__EXERCISE BRIEF__. Reproduce the listing exactly and skip over any pictures.

* * * * * * * * *

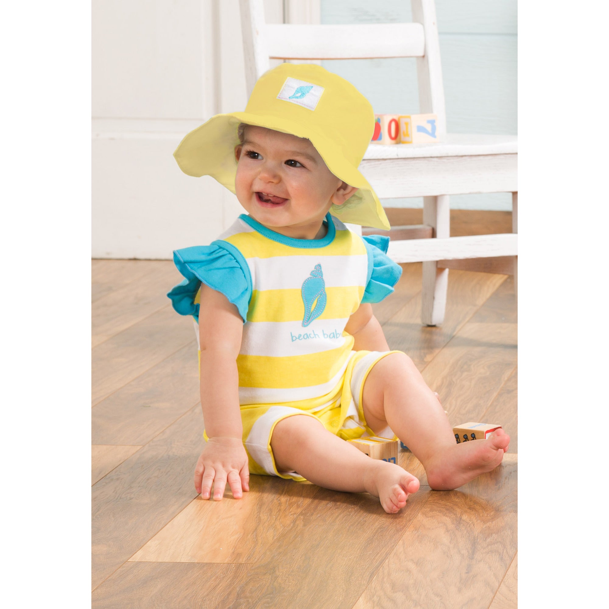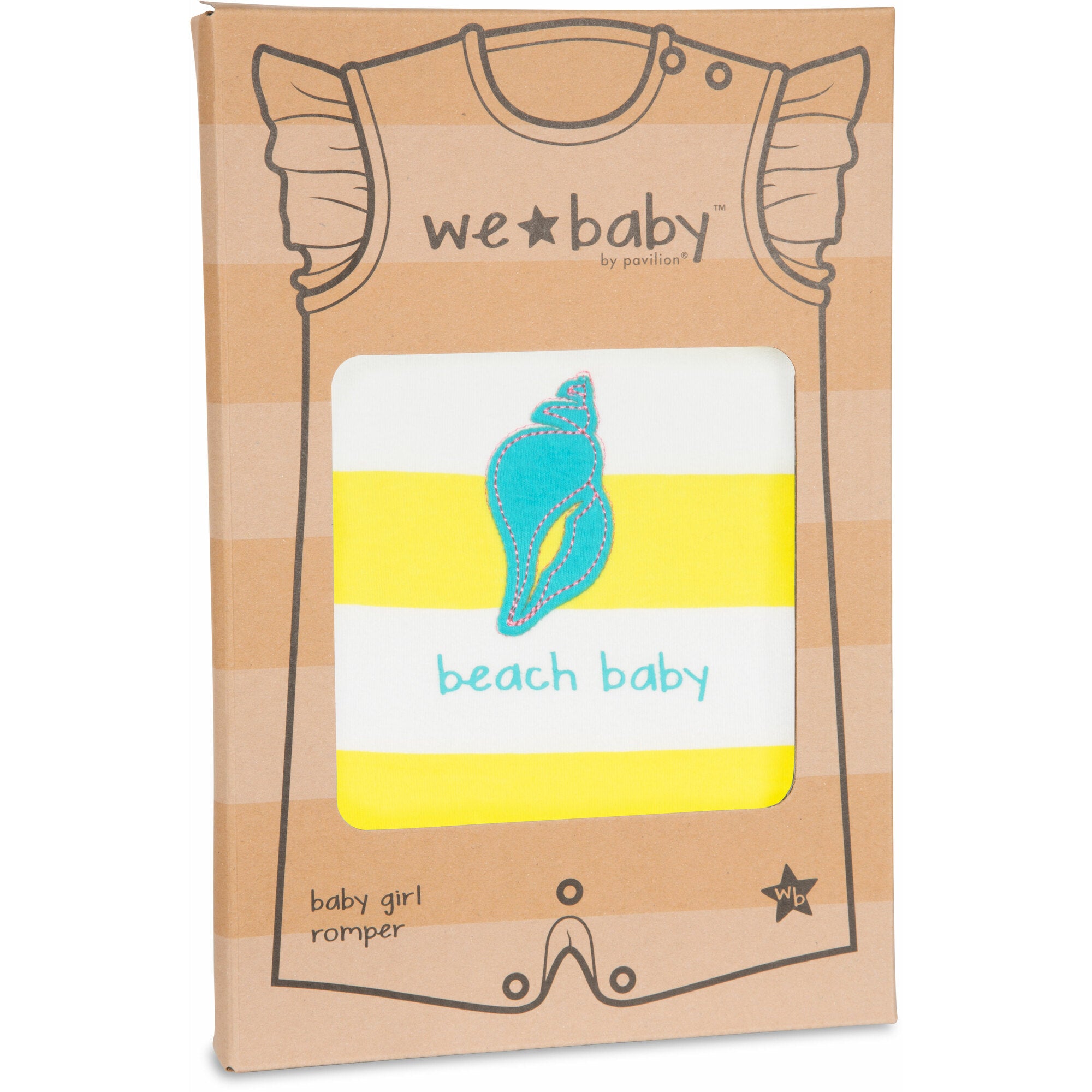 - IN-HOUSE DESIGN: "Beach Baby" text is screen printed, as is the We Baby logo on the bottom of the romper.
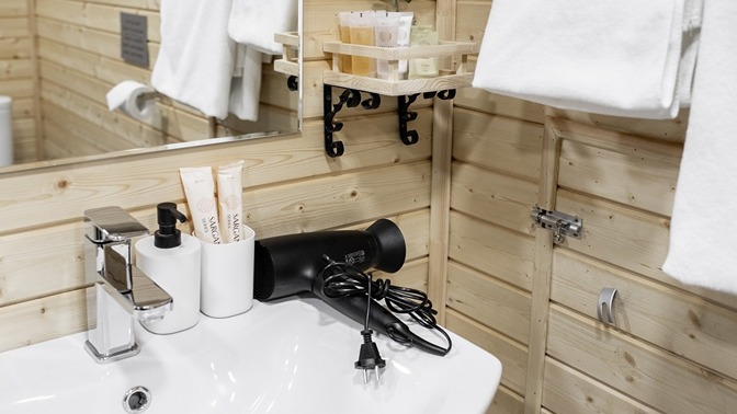 — феном, набором косметических принадлежностей и комплектом полотенец;
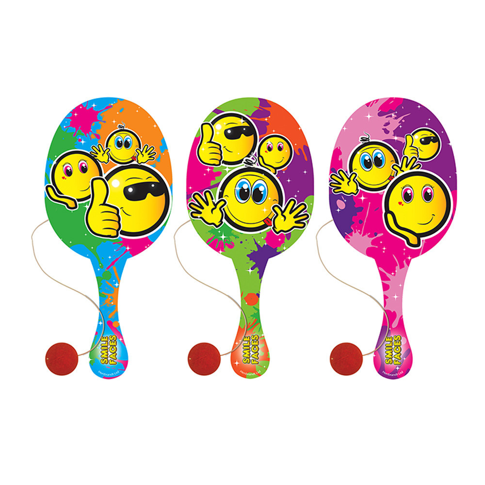Op zoek naar een leuk uitdeelcadeautje dat gegarandeerd een glimlach op ieders gezicht tovert? Dan is het Houten Racket met Bal aan Koord Lachgezicht Emoji bundel van 12 stuks precies wat je zoekt! Dit vrolijke speeltje is perfect voor kinderfeestjes, traktaties op school of andere feestelijke gelegenheden.
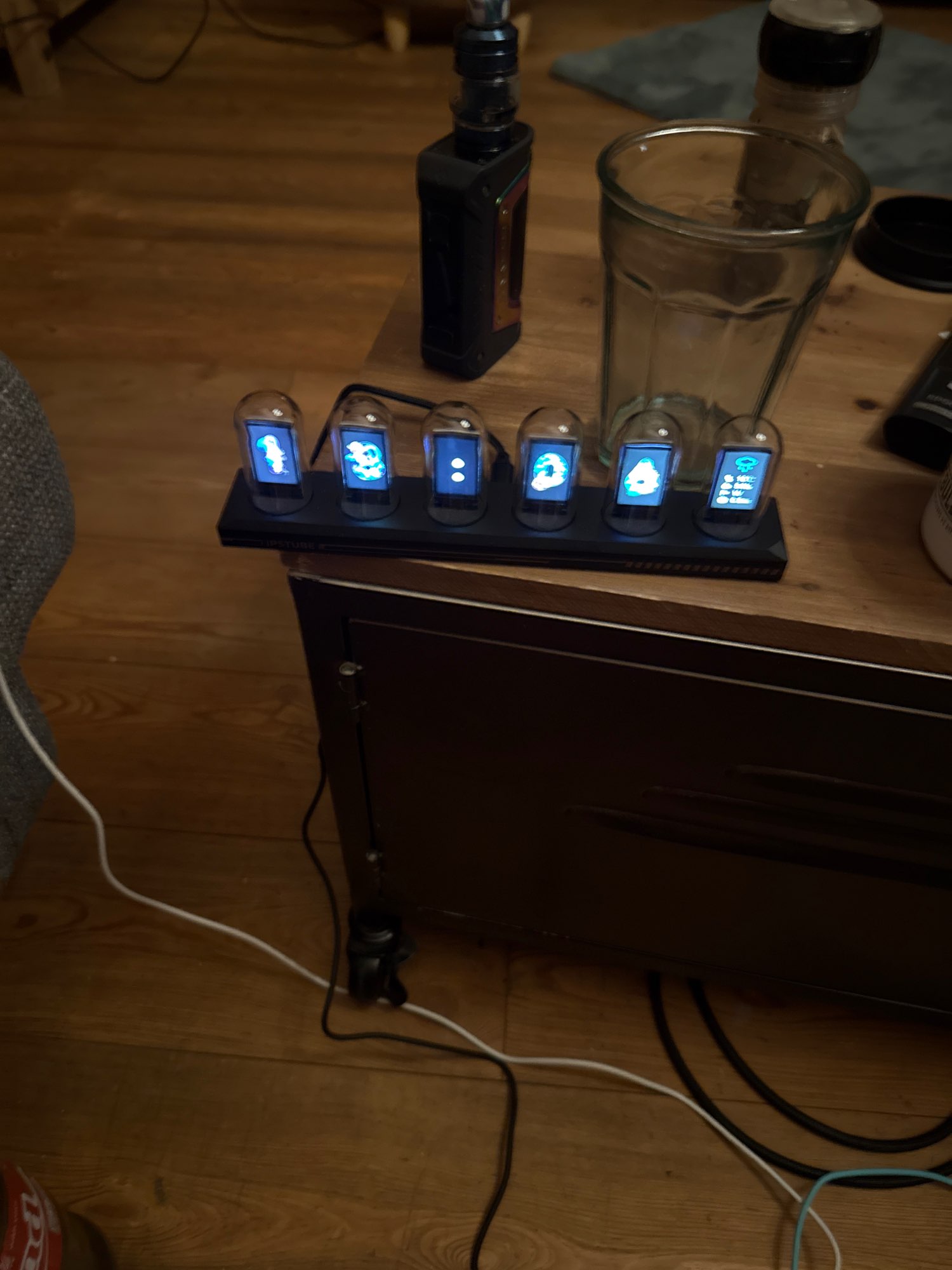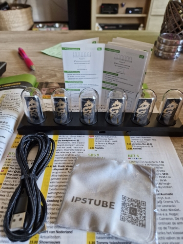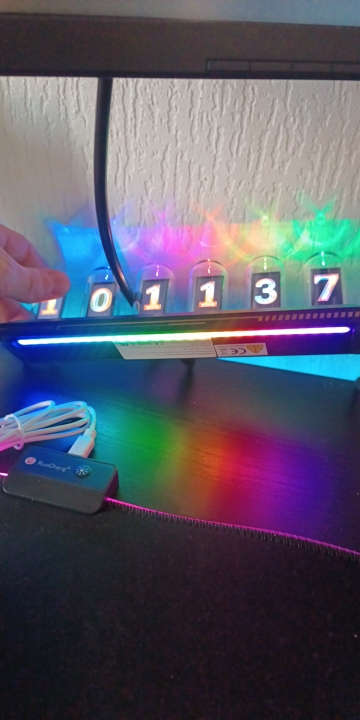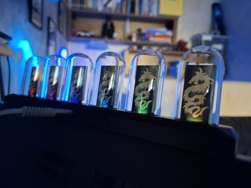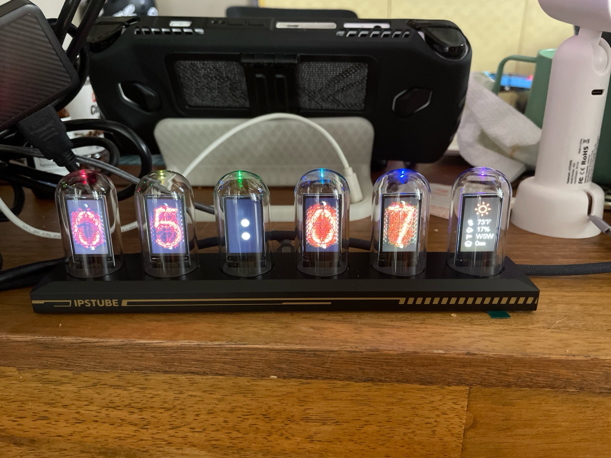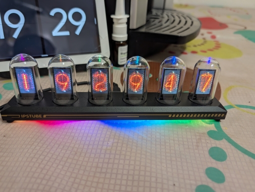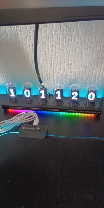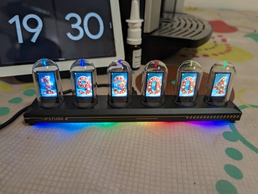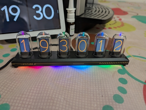 Just connect the USB cable and it becomes a vacuum tube-style clock. Since it's an IPS LCD, the power consumption is low and it's safe. I chose the LED illumination model, so the lower part is illuminated very brightly.
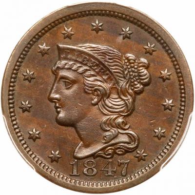 Lot 109 of 2145: 1847 N-12 R3+ Repunched 8 PCGS graded AU58, CAC Approved
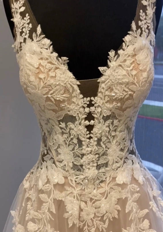 Meet gorgeous INÉS. Again we have this kind of textural mosh of thicker floral lace, softer more delicate lace. I just love this layered effect, it just adds so much drama and then leading down to a really gorgeous A-line tulle skirt that's super soft, super romantic. Love this kind of back that has a little bit of lower detail with the scalloping around the edges. The neckline on this style is outstanding. We have our side cutouts again so just very body contouring, very flattering, very romantic, got a beautiful twinkle. INÉS is a showstopper comin’ and goin’ but she’s very soft. UGH look at the detail i love it. INÉS you're gorgeous.
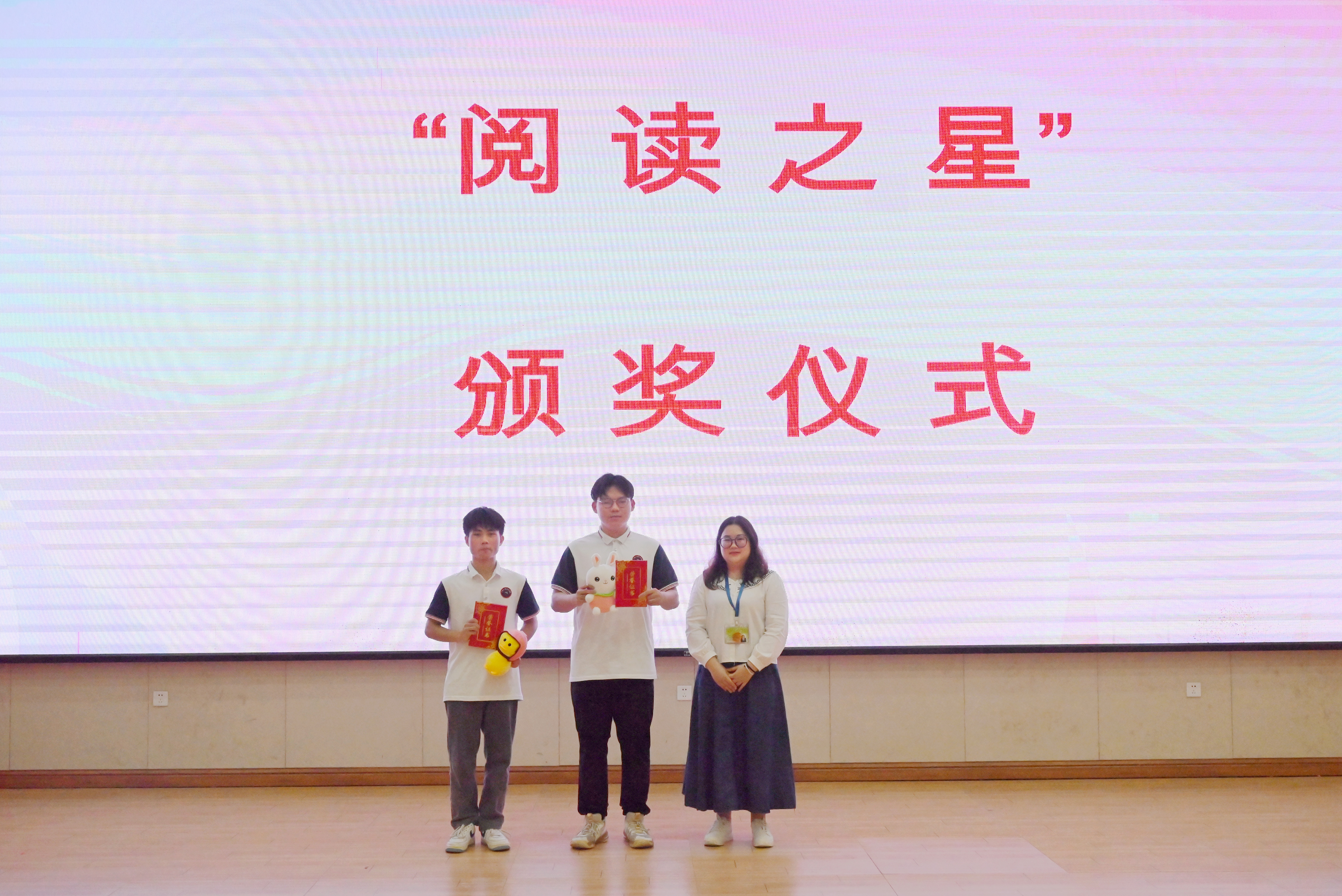 閆雪蓮老師為獲得二等獎的王源源、冼劍強同學(xué)頒獎
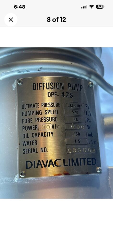 VenmoDiavac Limited DAIA DPF-4ZS Diffusion Pump that came off a Hitachi S-2600N Scanning Electron Microscope. Selling the parts that came with it like 2 Fuji Seiki MFG # 000033 gate valves, connectors, 3 SMC xls-25 solenoid valves and clamps as pictured. Used but all in great condition.
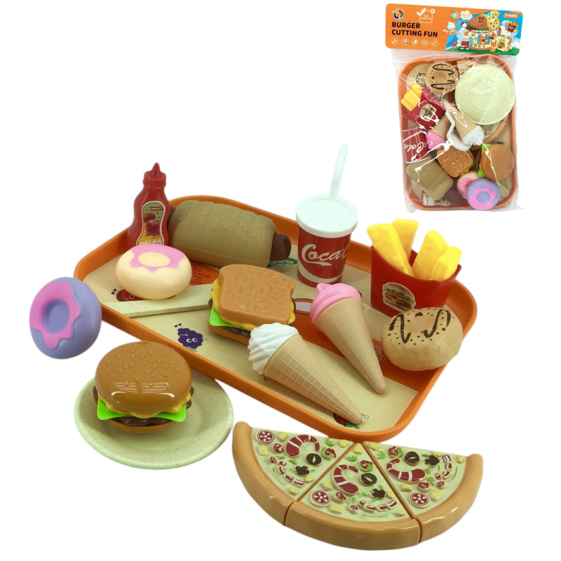 Игровой набор "Продукты. Фастфуд". В комплекте: нож, доска, продукты питания, поднос.
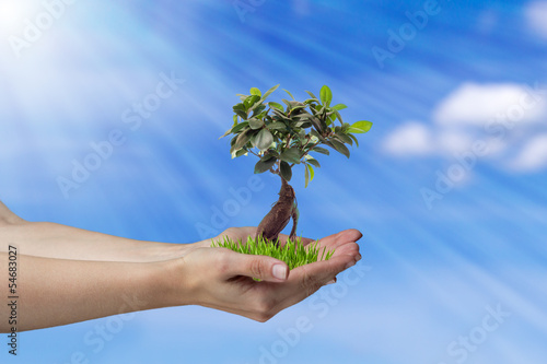 © Bastian Weltjen, Obraz premium Baum in den Händen

* * * * * * * * *

__EXPECTED ANSWER__.
 - IN-HOUSE DESIGN: "Beach Baby" text is screen printed, as is the We Baby logo on the bottom of the romper.
 — феном, набором косметических принадлежностей и комплектом полотенец;
Op zoek naar een leuk uitdeelcadeautje dat gegarandeerd een glimlach op ieders gezicht tovert? Dan is het Houten Racket met Bal aan Koord Lachgezicht Emoji bundel van 12 stuks precies wat je zoekt! Dit vrolijke speeltje is perfect voor kinderfeestjes, traktaties op school of andere feestelijke gelegenheden.
 Just connect the USB cable and it becomes a vacuum tube-style clock. Since it's an IPS LCD, the power consumption is low and it's safe. I chose the LED illumination model, so the lower part is illuminated very brightly.
 Lot 109 of 2145: 1847 N-12 R3+ Repunched 8 PCGS graded AU58, CAC Approved
 Meet gorgeous INÉS. Again we have this kind of textural mosh of thicker floral lace, softer more delicate lace. I just love this layered effect, it just adds so much drama and then leading down to a really gorgeous A-line tulle skirt that's super soft, super romantic. Love this kind of back that has a little bit of lower detail with the scalloping around the edges. The neckline on this style is outstanding. We have our side cutouts again so just very body contouring, very flattering, very romantic, got a beautiful twinkle. INÉS is a showstopper comin’ and goin’ but she’s very soft. UGH look at the detail i love it. INÉS you're gorgeous.
 閆雪蓮老師為獲得二等獎的王源源、冼劍強同學(xué)頒獎
 VenmoDiavac Limited DAIA DPF-4ZS Diffusion Pump that came off a Hitachi S-2600N Scanning Electron Microscope. Selling the parts that came with it like 2 Fuji Seiki MFG # 000033 gate valves, connectors, 3 SMC xls-25 solenoid valves and clamps as pictured. Used but all in great condition.
 Игровой набор "Продукты. Фастфуд". В комплекте: нож, доска, продукты питания, поднос.
 © Bastian Weltjen, Obraz premium Baum in den Händen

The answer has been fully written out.